9. Mme C... excipe de l'erreur manifeste d'appréciation dont serait entachée l'inclusion de la totalité de la surface du lot n° 4 en boisement faisant l'objet de mesures de protection paysagère, au motif que ce classement aurait pour conséquence l'impossibilité de construire sur un terrain implanté en zone constructible. Il ressort toutefois des pièces du dossier que les auteurs du PLU ont institué un périmètre de protection des boisements ornementaux en application du 7° de l'article L. 123-5-1 du code de l'urbanisme alors en vigueur, sur une partie seulement des parcelles cadastrées section BN n° 113 et n° 200 et que la protection de ces boisements n'obère pas la possibilité de construire sur le restant de la surface de ces vastes parcelles. La circonstance que Mme C..., par une décision de gestion de son patrimoine inopposable à l'administration, ait choisi de diviser son terrain en quatre lots, dont l'un se trouverait par l'effet de cette décision concerné pour la totalité de sa surface par les boisements ornementaux à protéger, postérieurement à la mise en place de ces mesures de protection, est sans effet sur le bien-fondé du choix des auteurs du PLU d'instituer cette protection et ne saurait avoir pour conséquence de la priver de toute effectivité.

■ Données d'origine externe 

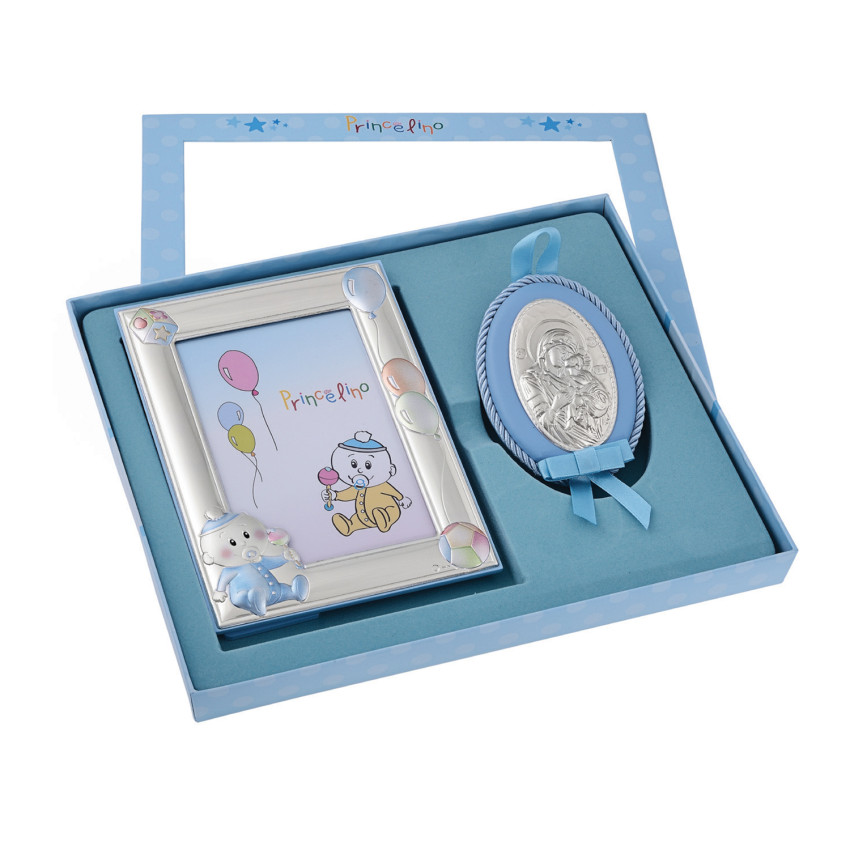 Срібний подарунок хлопчику фоторамка 9,5x12,5см з іконкою на подушечці 8x10см

Il en résulte que Mme C... n'est pas fondée à exciper de l'illégalité du PLU en ce qu'il identifie comme boisements ornementaux les arbres situés sur le terrain d'assiette du projet.
10. Il résulte de ce qui précède, sans qu'il soit besoin de statuer sur la substitution de motifs demandée par la commune, que la commune de Meylan est fondée à soutenir que c'est à tort que par le jugement attaqué, le tribunal administratif de Grenoble a annulé l'arrêté du 12 avril 2015. Elle est par suite fondée à en demander l'annulation ainsi que le rejet de la demande de Mme C....
Sur les frais liés au litige :
11. Les dispositions de l'article L. 761-1 du code de justice administrative font obstacle à ce que la somme que demande Mme C... au titre des frais qu'elle a exposés à l'instance soit mise à la charge de la commune de Meylan, qui n'est pas partie perdante en appel. Il y a en revanche lieu de mettre à la charge de Mme C..., au titre des mêmes dispositions, la somme de 2 000 euros à verser à la commune de Meylan.
DECIDE :
Article 1er : Le jugement du 5 juillet 2018 du tribunal administratif de Grenoble est annulé.
Article 2 : La demande de Mme C... est rejetée.
Article 3 : Mme C... versera à la commune de Meylan la somme de 2 000 euros en application de l'article L. 761-1 du code de justice administrative.
Article 4 : Les conclusions de Mme C... tendant à l'application de l'article L. 761-1 du code de justice administrative sont rejetées.
Article 5 : Le présent arrêt sera notifié à la commune de Meylan et à Mme C....
Délibéré après l'audience du 9 novembre 2020 à laquelle siégeaient :
M. Daniel Josserand-Jaillet, président ;
M. Thierry Besse, président-assesseur ;
Mme F... E..., première conseillère.
Rendu public par mise à disposition au greffe le 10 décembre 2020.